Originally posted at karibusauri.wordpress.com
My first week’s rotation at the Sauri Millennium Village was with the education sector. In three short days I observed MVP sponsored computer labs, school feeding program kitchens, gender separated latrines, a monitoring and evaluation planning meeting, rainwater harvesting, school livestock; the list goes on. The education team is constantly on the move; traveling to schools and attending meetings to move projects along, share knowledge and solve problems.
At the first meeting I attended, MVP and school management committee members quickly identified community contributions for classroom construction, made plans to solicit bids, and set a plan into action to identify a contractor and begin construction. At another meeting series I observed, participants chose to create a zone-wide evaluation of MVP interventions. Three business days later items had been identified and costed and test dates set. Three business days after that, the committee will design the test, a month later it will launch. These are turn-around times that would make corporate bigwigs green with envy!

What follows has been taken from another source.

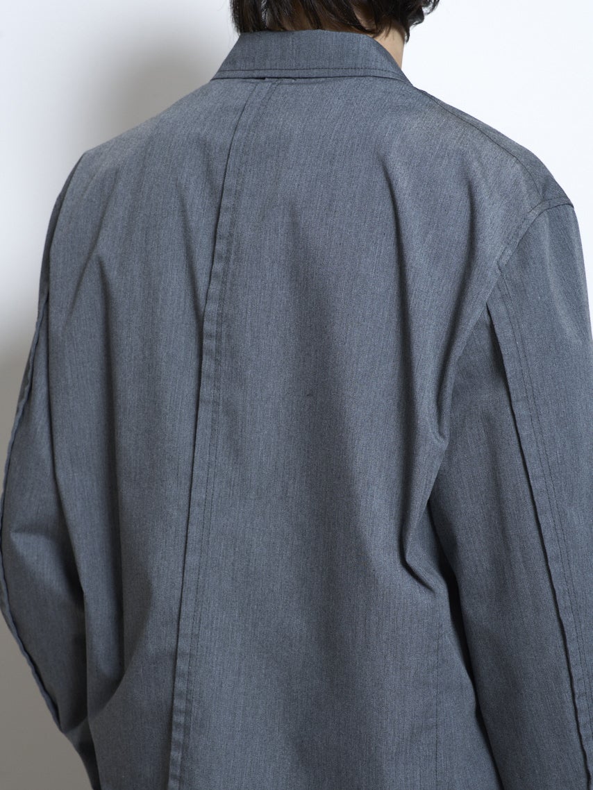 ジャケットは本コレクションの象徴的な縫い代を表に出したインサイドアウトデザインに。1枚仕立てで製品洗いを施しカジュアルな羽織りとして長く着用できる。

Unlike corporations, MVP constantly considers what will happen after they leave. Requiring that parents contribute maize and beans for their kids to participate in the school feeding program is a solid step toward sustainability. However, these actions risk hurting the poorest families who cannot always provide. Until local management committees determine how to best engage parents and adjust programs to support needy families, like those in Nyamninia Primary have done, coordinators will constantly struggle to maintain the balance between sustainability and immediate impact from education interventions initiated by MVP.